RMS DME and ISI errors from batch

PaulGavin · ‎11-28-2006

I have been around VMS since the 80's, including 9 years at DEC, and have never come across this set of problems. Any comments would be welcome.

One batch job started getting DME errors a few weeks back and then another job started getting it last week. These jobs have been running for several years and now start failing.

AlphaServer ES40 1-CPU OpenVMS V7.2-2

1st job is using a DCL loop to selectively copy records from one file to another. There are many jobs doing this sort of thing on this system. Two statements just before and the error are:

...
$ open/read in sumgoct.in
$ open/write txt DISK$COMETS_xxx_xx:[PROD]GOCT_FW47_SUM.TXT;0
%RMS-F-DME, dynamic memory exhausted

2nd job is attempting to capture the output from a command so only error messages are in the output log. Like the other job, there are numerous places this scenario is used and they are not failing.

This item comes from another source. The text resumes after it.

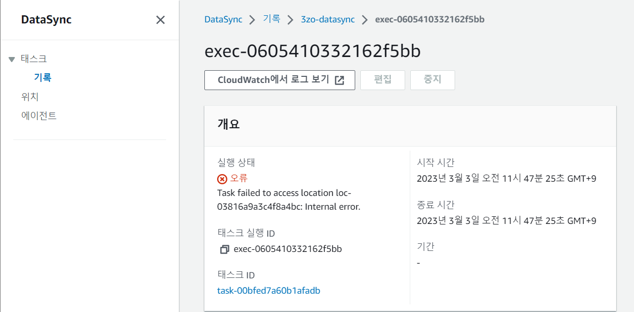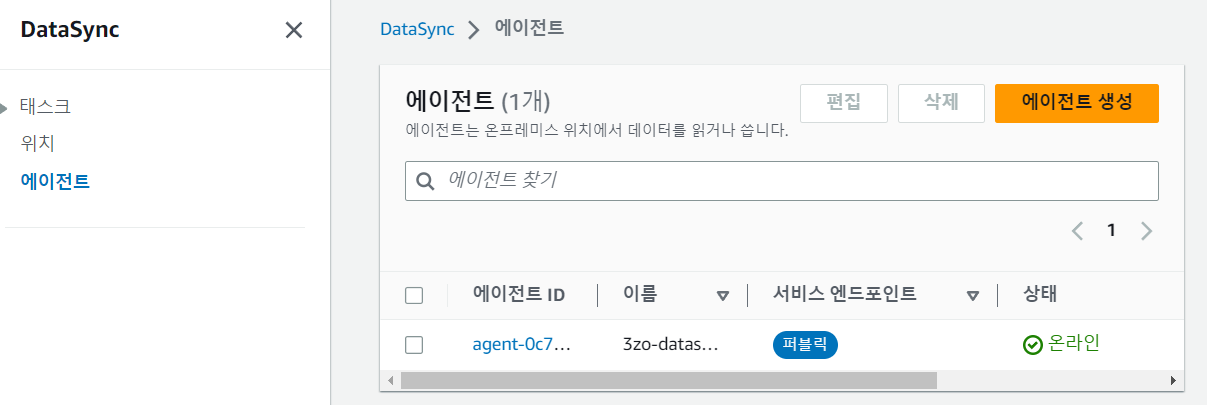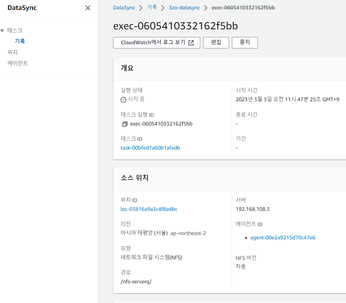 다음 글에 이어서 [Project] - Datasync + storage gateway로 실시간 싱크-2 로 찾아오겠다.
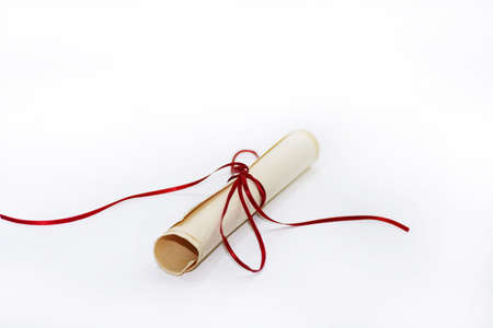 A parchment diploma scroll, rolled up with red ribbon laid at an oblique angle. Processed to give a vintage or retro appearance.

$ Define sys$output pmapf.log
$ ftp 'machine'/username="'username'"/password="'password'" -
/input=pmapf.cmd

The pmapf.log file has the FTP command and then immediately gets the DME error. Like the other job.

If I take out the define and the code looking at the log, the command runs fine.

When changing the method in the second job to put the FTP in the pmapf.cmd file, I get a different error.

$ Open/write cmd pmapf.cmd
$ write cmd "$ ftp xxxxxx.xxx.atmel.com/username=""......
$ write cmd "ascii"
$ write cmd "put ........
$ write cmd "exit"
$ write cmd "$"
$ Close cmd
$ @pmapf.cmd/out=pmapf.log
%RMS-F-ISI, invalid internal stream identifier (ISI) value

The pmapf.log file has only the ftp command like before.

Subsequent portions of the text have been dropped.